Taking on this grand musical for the first time, Skylight has assembled a 12-piece band and 36 actors, the most ever featured in a single production by the group. That’s a lot for the Cabot Theatre’s relatively modest-sized stage to handle, and it’s a great credit to the precision skills of director Bill Thiesen that he keeps the action moving with such ease. Choreographer Pam Kriger also makes the most of the space, with economical moves that convey the music’s exuberance without the leaping, gymnastic routines typically employed by larger scale productions of this work.

In fact, every facet of this production is as impeccable as it is charming, from Peter Dean Beck’s sets that invoke Norman Rockwell’s America to Gregory W. Slawko’s colorful, elaborate costumes, some of which could stand as characters all on their own.

The production’s chief strength, however, is the extraordinary cast Thiesen has assembled.

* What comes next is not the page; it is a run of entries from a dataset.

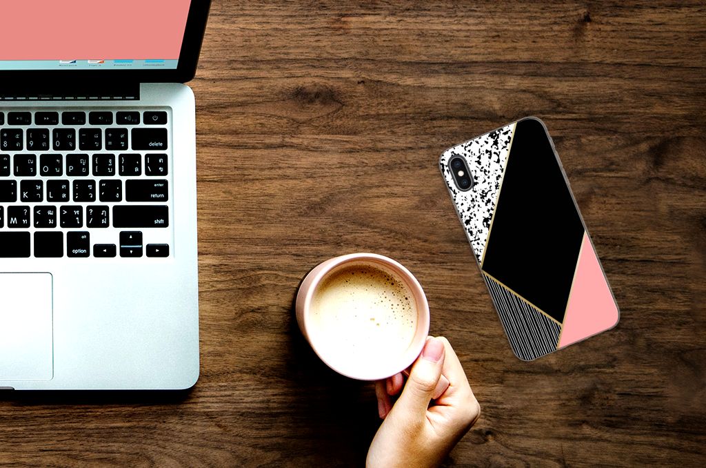 - Met een tpu-siliconen hoesje met roze, zwarte en witte vlakken blijft jouw telefoon in tact.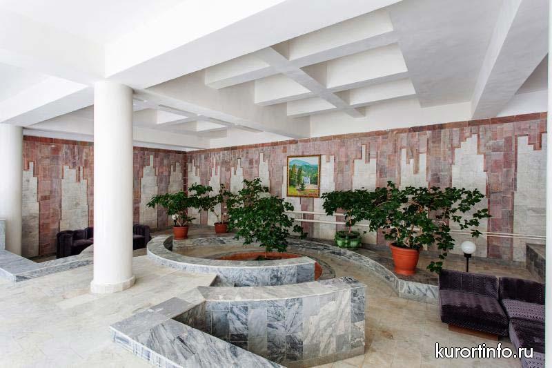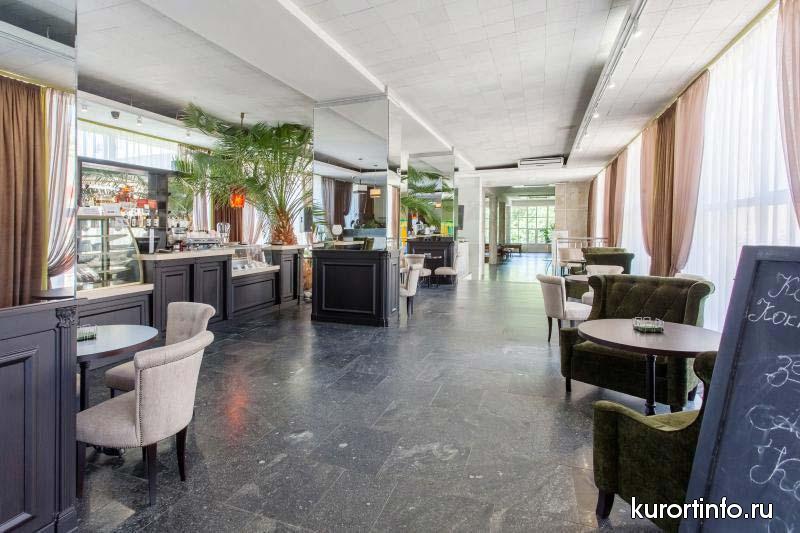 Лобби - бар находится рядом с зимним садом, в окружении красивых живых растений, недалеко от обеденного зала Железноводской здравницы.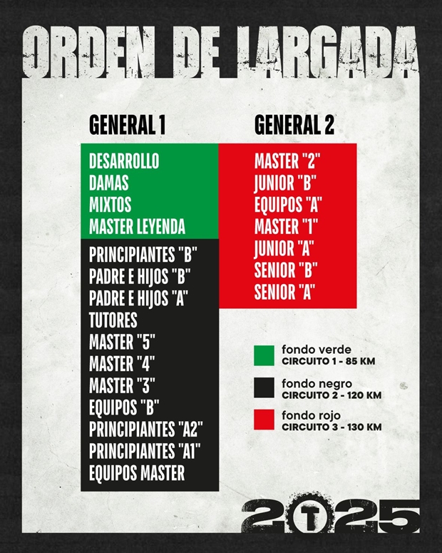 En las últimas horas se publicó el orden de largada y los respectivos circuitos, que tendrán las 22 categorías del Rally Transmontaña Copa Zavadivker, los próximos 21, 22 y 23 de Noviembre en San Pedro de Colalao, así como también se iniciaron los informes en vivo de los Miércoles por la noche, a través del Instagram oficial del evento, donde se comunican distintas novedades y se reciben consultas. Las categorías se dividen en tres grandes grupos de acuerdo al circuito que realizarán, en primer término largarán aquellas que realicen el trazado mas corto (85 kms.), identificadas con fondo verde en su numeración, posteriormente lo harán las que deban recorrer el trazado intermedio (120 kms.), con fondo negro en sus placas, la cuál a su vez compite por la General 1. Tras un breve intermedio, largarán finalmente las clases altas, identificadas con fondo rojo en su numeración, que deberán afrontar el trazado completo de 130 kilómetros de recorrido.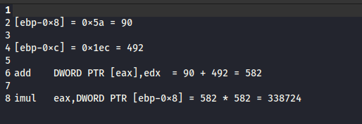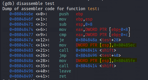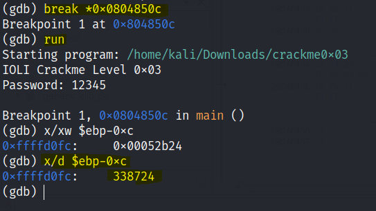 - Set a breakpoint at the test function and print out the variable for [ebp-0xc]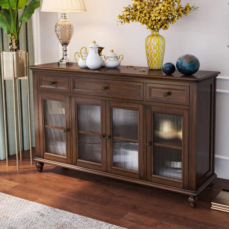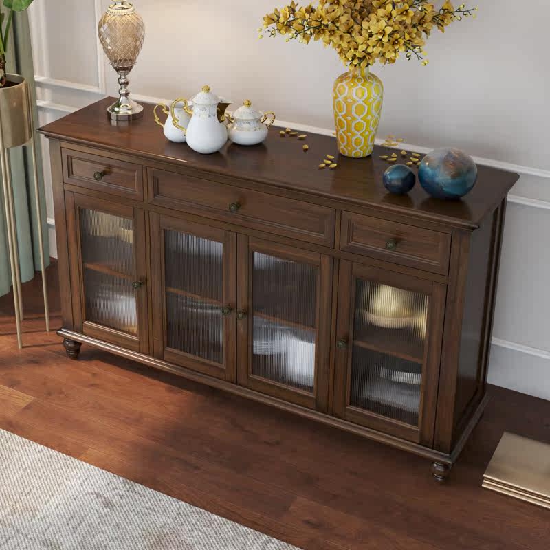 American dining cabinet pure solid wood wine cabinet living room tea cabinet home kitchen cupboard ash wood furniture dining room overall cabinet

The commanding Norman Moses, a Skylight veteran, looks and sounds like Robert Preston, who originated “The Music Man” on Broadway and starred in the hit 1962 movie version opposite Shirley Jones. But his performance is more nuanced. Particularly in the final scenes, Moses shows the audience glimpses of the tenderness that Hill has bottled up for so many years, making for a surprisingly moving climax.

Likewise, Niffer Clarke finds the vulnerability beneath the purposefully straight-laced Marian. Clarke wears Marian’s poise like armor but there’s mist in her eyes and longing in her seemingly effortless, crystalline soprano voice. I’ve seen numerous productions of this work over the years, including the Tony Award-winning 2000 Broadway revival, and I’ve near heard Marian sung better.

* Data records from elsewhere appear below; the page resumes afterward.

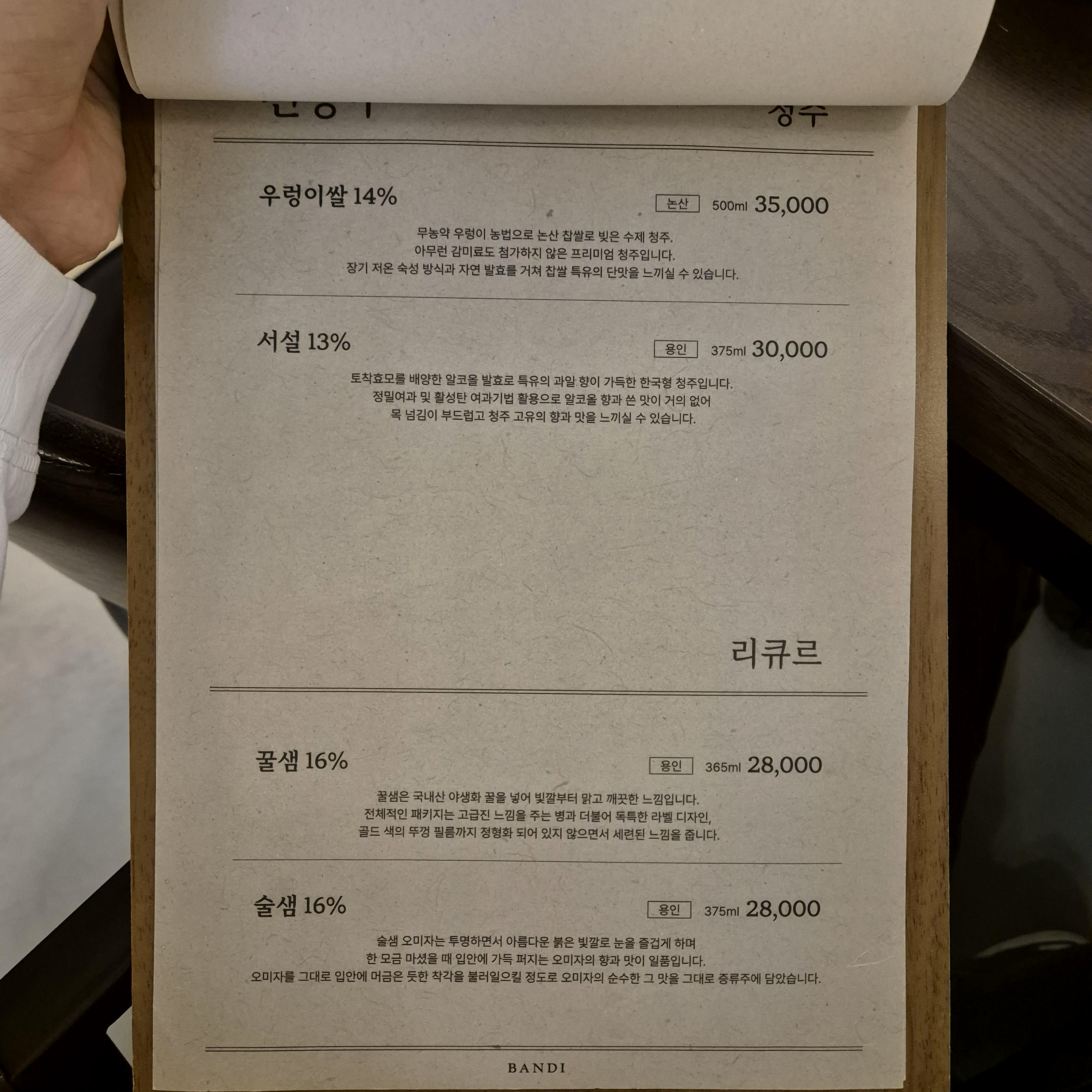 한식요리가 주를 이루는 것 같았고, 그 외 약간 퓨전식의 메뉴들이 눈에 띄었다. 그리고 무엇보다 다양한 술을 파는 반디였지만, 소주가 메뉴에 없어서 조금 의아하긴 했다. 일단 내부로 들어가 봤다.
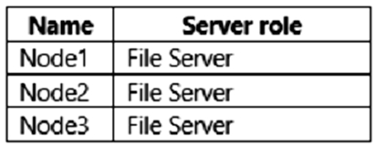 You have a failover cluster named Cluster1 that contains the nodes shown in the following table.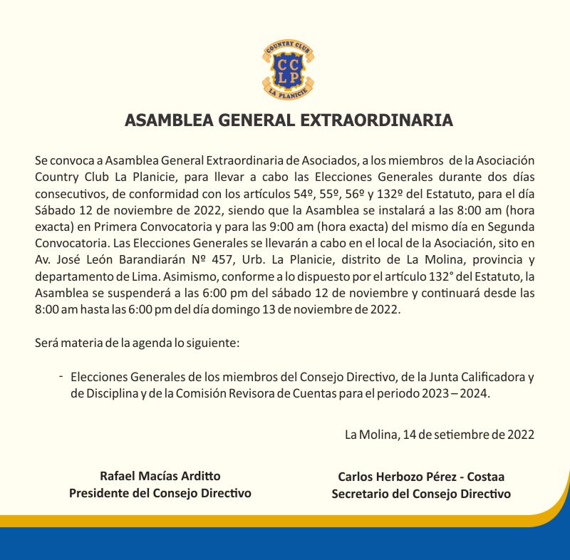 Comunicado | Asamblea General Extraordinaria - Elecciones Generales periodo 2023- 2024 Anterior Siguiente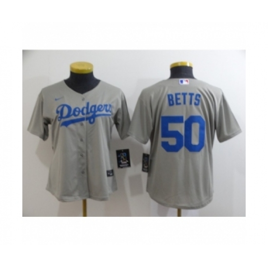 >Women Los Angeles Dodgers #50 Mookie Betts Royal Gray 2020 Cool Base Jersey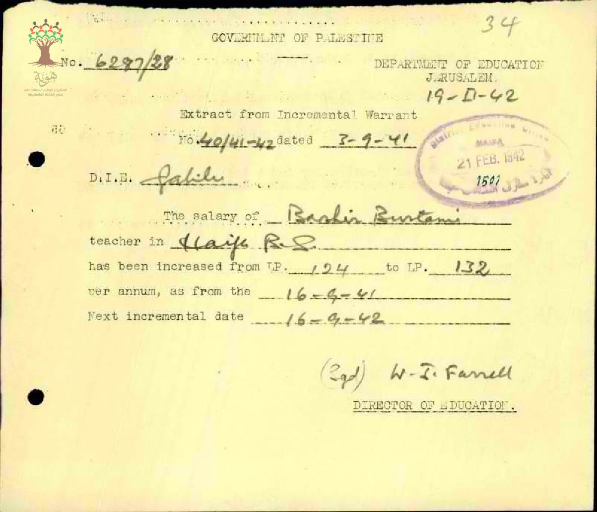رسالة من مفتش المعارف إلى المعلم بشير البسطامي يخبره بزيادة راتبه السنوي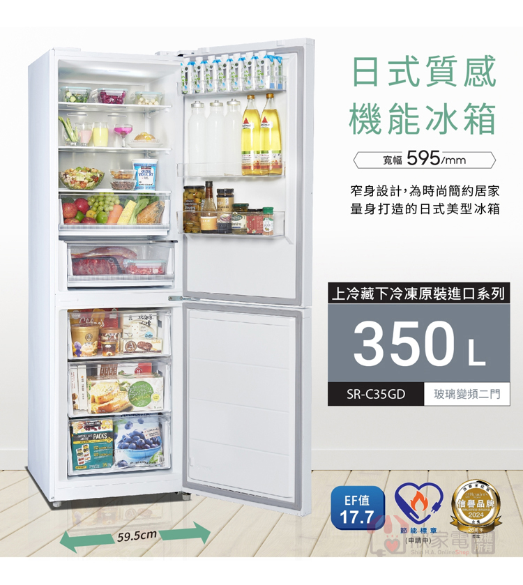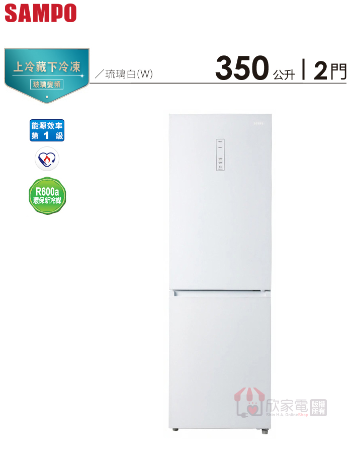 SAMPO 聲寶 350公升 星漾美滿變頻雙門冰箱 -琉璃白

Mark Bucher, founder of Bay View’s Boulevard Theatre, clearly has a blast as the bombastic, vocabulary-challenged Mayor George Shinn. As his pretentious wife Eulalie Mackecknie Shinn, Debra Babich wrings laughs from nearly every syllable and grimace.

Rhonda Rae Busch conjures an Irish Marjorie Main as the widow Paroo, Marian’s mother. Despite his youth, Cole A. Winston persuasively handles Winthrop’s transition from lisping petulance to happily engaged youngster.

Ryan Tutton is all athletic grace as town bad boy Tommy Djilas, and as his love interest, the mayor’s daughter Zaneeta Shinn, Sydney Kirkegaard is all infectious adolescent giggles.

Where Thiesen found so many talented, cherubic and disciplined kids in today’s world is indeed a Christmas miracle.